24

I'm coming from Java and learning Python. So far what I found very cool, yet very hard to adapt, is that there's no need to declare types. I understand that each variable is a pointer to an object, but so far I'm not able to understand how to design my code then.

For example, I'm writing a function that accepts a 2D NumPy array. Then in the body of the function I'm calling different methods of this array (which is an object of array in Numpy). But then in the future suppose I want to use this function, by that time I might have forgotten totally what I should pass to the function as a type. What do people normally do? Do they just write documentation for this? Because if that is the case, then this involves more typing and would raise the question about the idea of not declaring the type.

Also suppose I want to pass an object similar to an array in the future. Normally in Java one would implement an interface and then let both classes to implement the methods. Then in the function parameters I define the variable to be of the type of the interface. How can this issue be solved in Python or what approaches can be used to make the same idea?

12
  • 1
    The purpose of duck typing is not to write less code in the first place Commented Mar 2, 2014 at 13:55
  • 1
    If your code actually, for some reason, really depends on a specific type passed in, you can use assert isinstance(foo, Foo) as the first line of the function/method (this also serves as documentation when reading the code), but that often really just limits what can be done with that function later.
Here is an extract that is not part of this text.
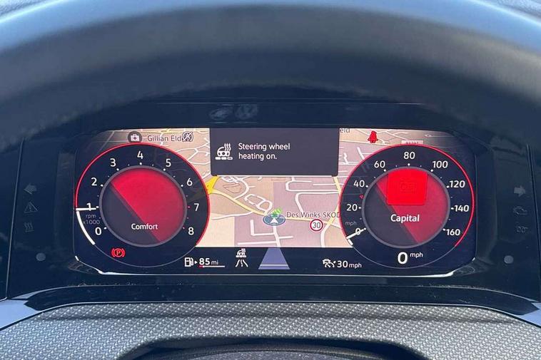 Adaptive cruise control (ACC) with speed limiter and front assist (reacting to vehicles pedestrians and cyclists), Car2X communication, Digital cockpit pro - 10.25" high resolution TFT dash display screen with customizable menus and information, Driver alert system, Dynamic road sign display, eCall - Emergency call service for SOS calls to emergency response, Lane assist, Mobile phone interface with wireless inductive charging function, Multifunction camera for distance control, PAS, Speedo, rev counter, electronic odometer, trip, service interval display, exterior temperature and fuel gauge, Start/Stop function, USB-C ports in the front and rear centre console with increased charging performance, Warning buzzer and light for front seatbelts unfastened, Wireless app connect, Petrol Particulate Filter, XDS electronic differential lock for improved traction and handling, Premium USB cable in choice of either Apple or Android smartphone compatibility, Ambient lighting, exterior illuminated styling elements at the sides, Auto dimming rear view mirror, Automatic headlamp activation with Coming home and Leaving home feature, Automatic headlights, Body colour door handles, Body colour door mirrors with integrated indicators, Body colour rear roof spoiler, Electrically heated and adjustable door mirrors with memory feature, Front and rear electric windows, Heat insulating glass windscreen, Heated rear windscreen, High level 3rd brake light, Highway light, LED License plate illumination, R Line body coloured bumpers, Rain sensor, Rear fog light on one side and reversing lights on both sides, Rear lights incorporating LED technology, Rear side wing doors, Rear tinted glass 65% light absorbing from B pillar backwards, Rear windscreen washer and wiper with interval delay, Welcome light, 12V socket in front centre console, 12V socket in luggage compartment, 3 rear head restraints, 3 seat bench in 2nd row, Ambient lighting - Customisable 30 colour ambient lighting, Black roof lining, Brushed stainless steel pedals, Chrome plated surround to electric mirror button, window switch and air vent surrounds, Drivers and front passengers sun visors with vanity mirrors, Front + rear carpet mats, Front centre armrest with storage compartment, Front cupholders x 2, Front passenger seat, Front reading lights x 2 incorporating LED technology, Front seat lumbar support adjuster, Front sports seats, Glovebox, Height adjustable front seats, Height and reach adjustable steering wheel, Isofix child seat preparation for 2 rear child seats and front passenger seat, Luggage compartment lighting, R Line door and side trim panel, R Line front seats integrated head restraints, R-Line leather wrapped multi function sports heated steering wheel, Removable luggage compartment cover, Sardegna cloth upholstery with front and outer rear seats Art Velour inner sides of bolsters, Split folding backrest with centre armrest and unsplit rear seat bench, Titanium black instrument panel, Woven fabric storage compartments in front and rear doors, 3 point height adj front seatbelts + pretensioners, 3 rear three point seatbelts, ABS, Child locks on rear doors, Driver and front passenger airbag with front passenger airbag deactivation, Drivers and front passengers safety optimised head restraints, Electronic parking brake with auto hold, ESC (Electronic Stability Control), Extended pedestrian protection measures, Front and rear passengers curtain airbag system including front side airbags, Front centre airbag, Front disc brakes, Front side airbags with curtain airbags, Rear disc brakes, Two tone horn, Tyre pressure monitoring system, Alarm with interior protection and deactivation via infotainment system, Electronic engine immobiliser, Carbon grey decorative inserts in dash and front door trim panels, High gloss black centre console, Space and weight saver spare wheel,

Commented Mar 2, 2014 at 17:57
  • 4
    @ErikAllik: don't assert on that, raise TypeError Commented Mar 2, 2014 at 21:38
  • @NeilG: well, yeah, true; depends tho; sometimes you want assertions to make sure you've understood your own code correctly, but of course that's more general than parameter types anyway. Commented Mar 2, 2014 at 23:57
  • @ErikAllik: mail.python.org/pipermail/python-list/2013-November/660401.html Commented Mar 2, 2014 at 23:59

6 Answers 6

32

This is a very healthy question.

Duck typing

The first thing to understand about python is the concept of duck typing:

If it walks like a duck, and quacks like a duck, then I call it a duck

Unlike Java, Python's types are never declared explicitly. There is no restriction, neither at compile time nor at runtime, in the type an object can assume.
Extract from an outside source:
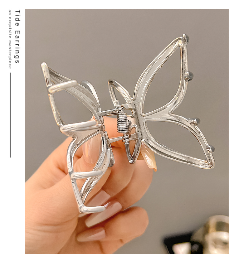Ins 실버 나비 헤어 클립 여성용 머리 반 넥타이 헤어 클립 작은 말 꼬리 상어 클립 쿨 헤드웨어스토어 가기

What you do is simply treat objects as if they were of the perfect type for your needs. You don't ask or wonder about its type. If it implements the methods and attributes you want it to have, then that's that. It will do.

def foo(duck):
    duck.walk()
    duck.quack()

The only contract of this function is that duck exposes walk() and quack(). A more refined example:

def foo(sequence):
    for item in sequence:
        print item

What is sequence? A list? A numpy array? A dict? A generator? It doesn't matter. If it's iterable (that is, it can be used in a for ... in), it serves its purpose.

Type hinting

Of course, no one can live in constant fear of objects being of the wrong type. This is addressed with coding style, conventions and good documentation. For example:

  • A variable named count should hold an integer
  • A variable Foo starting with an upper-case letter should hold a type (class)
  • An argument bar whose default value is False, should hold a bool too when overridden

Note that the duck typing concept can be applied to to these 3 examples:

  • count can be any object that implements +, -, and <
  • Foo can be any callable that returns an object instance
  • bar can be any object that implements __nonzero__

In other words, the type is never defined explicitly, but always strongly hinted at. Or rather, the capabilities of the object are always hinted at, and its exact type is not relevant.
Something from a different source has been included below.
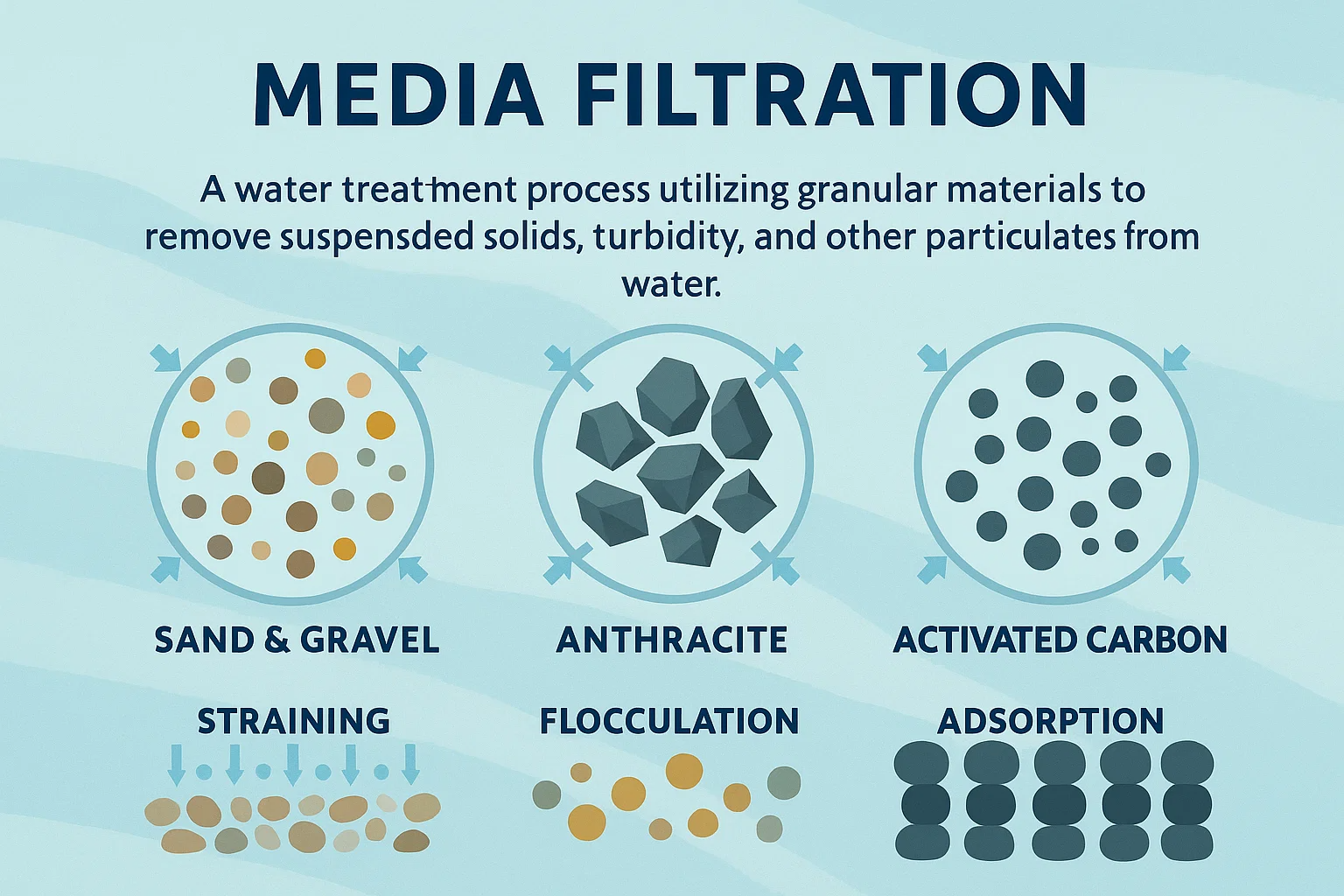 Filtrazione dei media è un processo di trattamento delle acque che utilizza un letto di materiali granulari - i media del filtro - per rimuovere i solidi sospesi, la torbidità e altre impurità dall'acqua. Questa è una forma di Filtrazione di profondità , dove le particelle vengono catturate non solo in superficie ma per tutta la profondità del letto del filtro.

It's very common to use objects of unknown types. Most frameworks expose types that look like lists and dictionaries but aren't.

Finally, if you really need to know, there's the documentation. You'll find python documentation vastly superior to Java's. It's always worth the read.

Sign up to request clarification or add additional context in comments.

10 Comments

This is a very healthy answer.
what does healthy question mean in the first place? :p
@AlexTwain In my opinion: "very interesting and good to ask. It's not a silly question about syntax error but a real question about the philosophy of Python that every Python programmer should know"
"A variable named count should hold an integer" -- or a European aristocrat. I joke of course, but actually in practice one does need to be careful in "self-documenting" code about real ambiguities or imprecise names.
Sometimes duck typing doesn't work out. If your function expects a sequence of strings and you pass it a string, your function will just end up iterating over the individual characters.
|
7

I've reviewed a lot of Python code written by Java and .Net developers, and I've repeatedly seen a few issues I might warn/inform you about:

Python is not Java

Don't wrap everything in a class:

Seems like even the simplest function winds up being wrapped in a class when Java developers start writing Python. Python is not Java. Don't write getters and setters, that's what the property decorator is for.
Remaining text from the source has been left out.